Getting the timing right

Malcolm Latarche
Malcolm Latarche

27 January 2017

Last October, MEPC 70 determined that 2020 would be when the final reduction in the global sulphur cap came into effect. The decision was not without controversy but was made nevertheless. At the time the IMO said that ‘Further work to ensure effective implementation of the 2020 global sulphur cap will continue in the Sub-Committee on Pollution Prevention and Response (PPR)’. PPR 4 took place last week and the report of the meeting does not offer much in the way of clearing up questions about the wisdom of settling on 2020. Just as with the drop to 0.1% in ECAs in 2015, there have been fears (since proved to be mostly unfounded) that some owners would flout the rules and PPR has been tasked with finding ways to ensure this does not happen. The IMO’s report of PPR 4 states that the Sub-Committee began work to ensure the consistent and effective implementation of the 2020 0.50% m/m sulphur limit which would not be unexpected but while emphasising that aspect of the new sulphur cap, the report also listed several other points that could be proposed to be completed during PPR sessions in 2018 and 2019. There were some inclusions in the list that would seem to suggest that the misgivings of many apparently dismissed at MEPC70 are being given some consideration. As an example these include:
  • Considering the preparatory and transitional issues that may arise with a shift from the 3.50% m/m sulphur limit to the new 0.50% m/m limit;
  • Considering the impact on fuel and machinery systems that may result from the use of fuel oils with a 0.50% m/m sulphur limit;
  • In considering what additional measures may be developed to ensure consistent implementation of the 0.50% sulphur limit, the justification notes that implementation of the 0.50% sulphur limit in 2020 will significantly reduce SOx emissions to the atmosphere from the world's fleet, but this new international regulatory standard will also introduce a significant change in the daily operating cost of ships operating outside ECAs. Those additional costs are of a magnitude that could cause serious commercial distortion if there is uneven implementation of the 0.50% sulphur limit.

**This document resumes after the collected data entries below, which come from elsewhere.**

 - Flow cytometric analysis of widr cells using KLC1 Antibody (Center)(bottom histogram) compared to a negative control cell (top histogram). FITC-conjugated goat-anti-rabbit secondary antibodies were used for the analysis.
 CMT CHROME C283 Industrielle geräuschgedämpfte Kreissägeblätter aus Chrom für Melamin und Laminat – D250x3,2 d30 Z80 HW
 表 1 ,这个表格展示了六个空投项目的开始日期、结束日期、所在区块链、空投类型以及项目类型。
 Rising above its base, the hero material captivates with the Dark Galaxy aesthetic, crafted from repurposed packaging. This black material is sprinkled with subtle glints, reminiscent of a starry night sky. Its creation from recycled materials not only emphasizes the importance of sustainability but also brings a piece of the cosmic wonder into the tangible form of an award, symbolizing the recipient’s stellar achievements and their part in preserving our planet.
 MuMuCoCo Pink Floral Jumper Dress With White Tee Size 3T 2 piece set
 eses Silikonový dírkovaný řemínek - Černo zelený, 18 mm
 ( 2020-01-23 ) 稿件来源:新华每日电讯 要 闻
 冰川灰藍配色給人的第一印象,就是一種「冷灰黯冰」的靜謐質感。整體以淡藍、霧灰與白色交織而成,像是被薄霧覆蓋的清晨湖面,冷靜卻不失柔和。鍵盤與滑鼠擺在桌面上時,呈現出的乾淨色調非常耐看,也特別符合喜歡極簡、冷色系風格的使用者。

  • Products emerging to meet the 0.50% sulphur limit are expected to cost less than traditional marine distillates, but a substantial price differential is nevertheless anticipated with various forecasts suggesting a wide range. Therefore, without consistent implementation to all ships, it is impossible to ensure a level playing field for use of the 0.50% sulphur limit fuel oil, with the result that the expected improvement of the environment and human health could not be achieved.
  • Concerns on fuel oil quality and ships' safety were also noted.

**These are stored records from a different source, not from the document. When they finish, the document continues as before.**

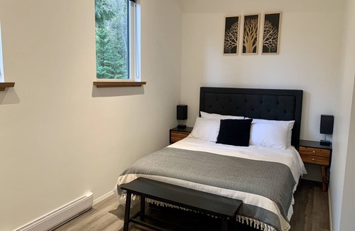 The Treehouse is new open concept suite with high ceilings and lots of light with a full kitchen with all the amenities. It has a large deck with a private jacuzzi hot tub over looking the forest. We are 15 minutes to Nelson and 30 minutes to Whitewater ski hill. 4X4 is a must Oct-Mar
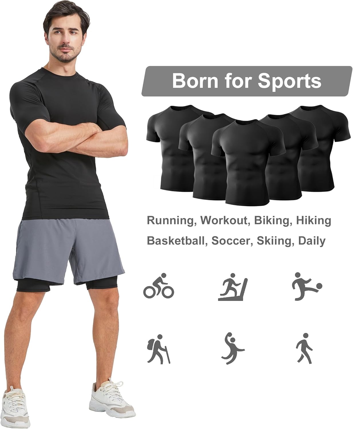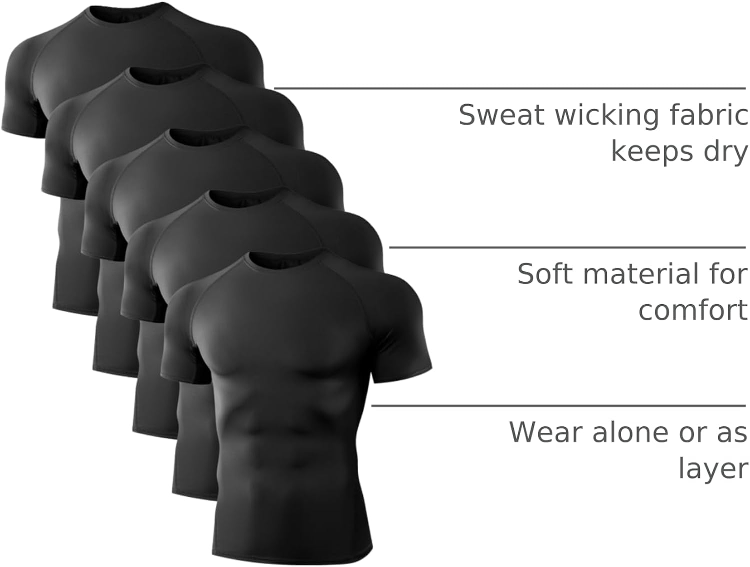 Dalavch 5 Pack Men’s Compression Shirts Short Sleeve Cool Dry Sports Athletic Workout Base Layer Undershirt T-Shirt Tops
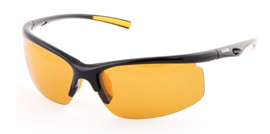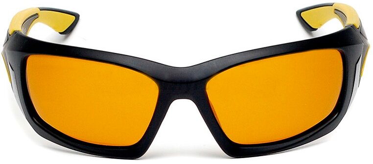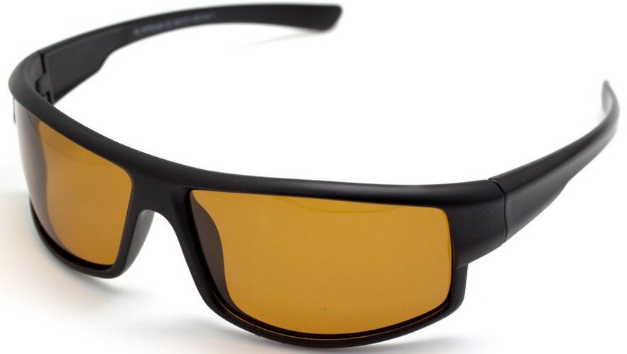 Monture noire monobloc classique, verres jaunes (polarisés). Matériel - plastique. Les branches arrondies sont pliables. À l'intérieur - informations sur la fonctionnalité (C3, Cat.1). Il y a une butée de nez fixe intégrée.

Unlike the ballast water system issue, for which owners seem to have found a workable method for extending the compliance date, the global sulphur cap is a fixed point in time after which every ship must comply. Leaving issues to be resolved through to PPR 6 2019 does not seem to give owners much time to prepare thereafter. With regard to the commercial distortion that could arise due to uneven implementation, it is understandable that ships which have complied may face unfair competition from those that have not, but what thought has been given to the costs faced by cargo interests? If the world fleet is suddenly reduced by even a small percentage, the supply and demand for shipping space could alter dramatically forcing freight rates and consequently commodity and goods prices up to levels that will have a depressing effect on world trade.